Prof. Dr. Ahmed Akgündüz

Sultan Abdülhamid’in Görevden Alınmasını Meşrû Gösteren Hilal Gazetesi ve Hal’ı ile alakalı Bazı Fetvalar, Hilal Gazetesi, No: 2, 8 Nisan 1324.

İçki ve Osmanlı Padişahları; Osmanlı’da Meyhaneler ve Rakı Fabrikası Meselesi

Önemle ifade edelim ki, bu konuda konuşanlar Osmanlı Devleti’nin bir Müslüman Devlet olduğunu düşünmeden konuşmaktadırlar. Onun için aşağıdaki izahları okumak zaruridir.

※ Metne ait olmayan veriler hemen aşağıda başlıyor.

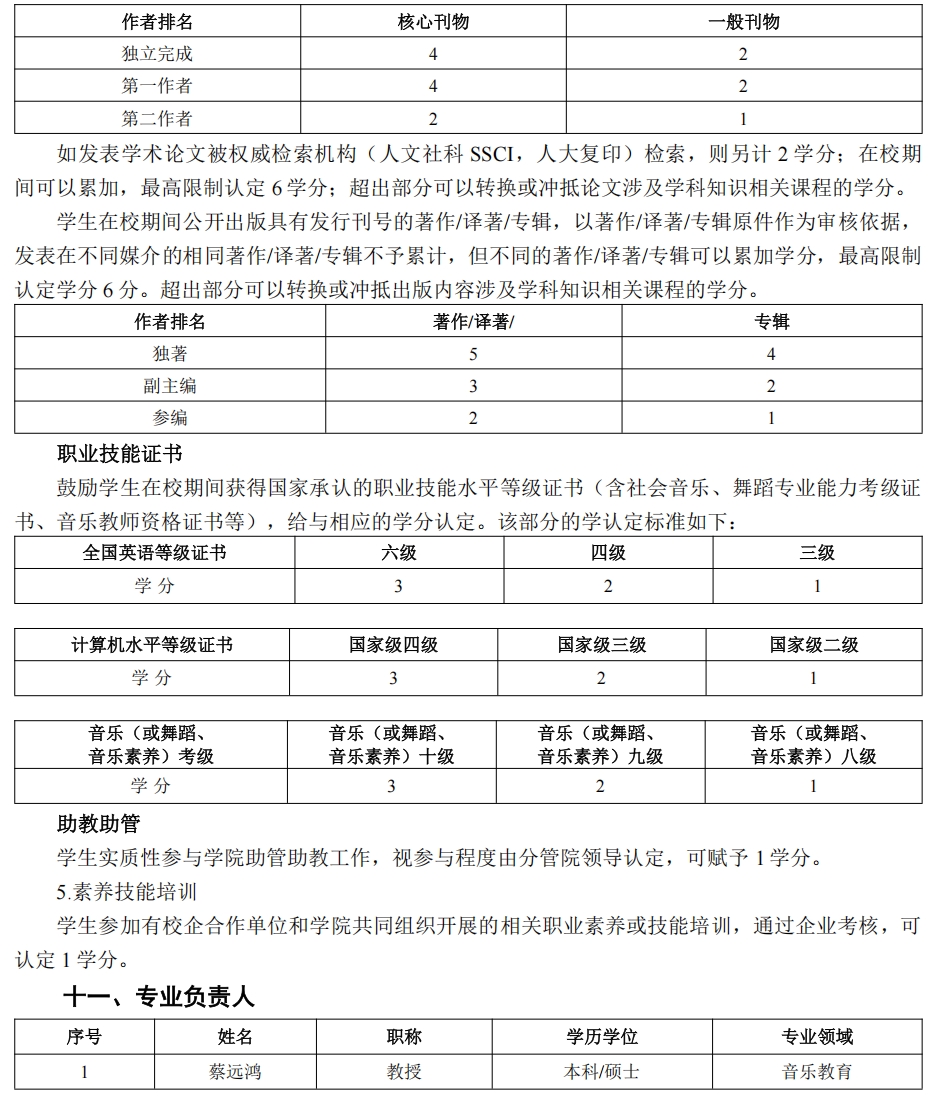 包括在校期间完成学科及专业竞赛、大学生创新实验类项目、音乐活动观摩等训练活动、公开发表学术论文或作品、职业技能证书以及助教助管,具体学分认定如下:

İslam Hukukuna göre, çoğunluğunu gayr-i Müslim nüfusun teşkil ettiği mahallelerde içki satmak caizdir. Ancak Müslümanlara satılması yasaktır. Bu manada Beyoğlu gibi o zamanlar gayr-ı Müslimlerin çoğunlukta olduğu mekanlarda Meyhaneler de vardır. Hatta Kanuni Sultan Süleyman zamanında getirilen ve gayr-i müslimlerce kullanılan hamr ithalat yasağını II. Selim kaldırmış ve gayr-i müslimler için olsa meyhânelerin açılmasına tekrar ruhsat vermiştir. Tekrar önemle beyan ediyoruz ki, bütün bunlar gayr-i müslimler içindir. Ancak Kanuni Müslüman gençlerin de kaçamak olarak bu yerlere gittiğini bildiğinden ve duyduğundan böyle bir yasağa gerek duymuştur.

Bu manada gayr-i Müslimler tarafından kurulan ve II. Abdülhamid zamanına rastlayan (1880) ilk Rakı Fabrikası da doğrudur. Ancak tamamen gayr-ı Müslimlere yöneliktir. Sapla samanı birbirine karıştırmamak gerekir.

Fransa gibi bir Avrupa ülkesinde Müslümanlar için Helal Gıdayı yasaklayacak kadar zorbalaşn dünya ile, Osmanlı Devletinin gayr-i Müslimler için tanıdığı hak ve hürriyetleri, kötüye yorumlayanların kulakları çınlasın.

Meyhaneden çıkmayan bazı yazarları, “Herkes kendi ayninesinin mişahedatına tabidir” kaidesince, II. Abdülhamid gibi bir veli Padişaha dil uzatmaktadırlar.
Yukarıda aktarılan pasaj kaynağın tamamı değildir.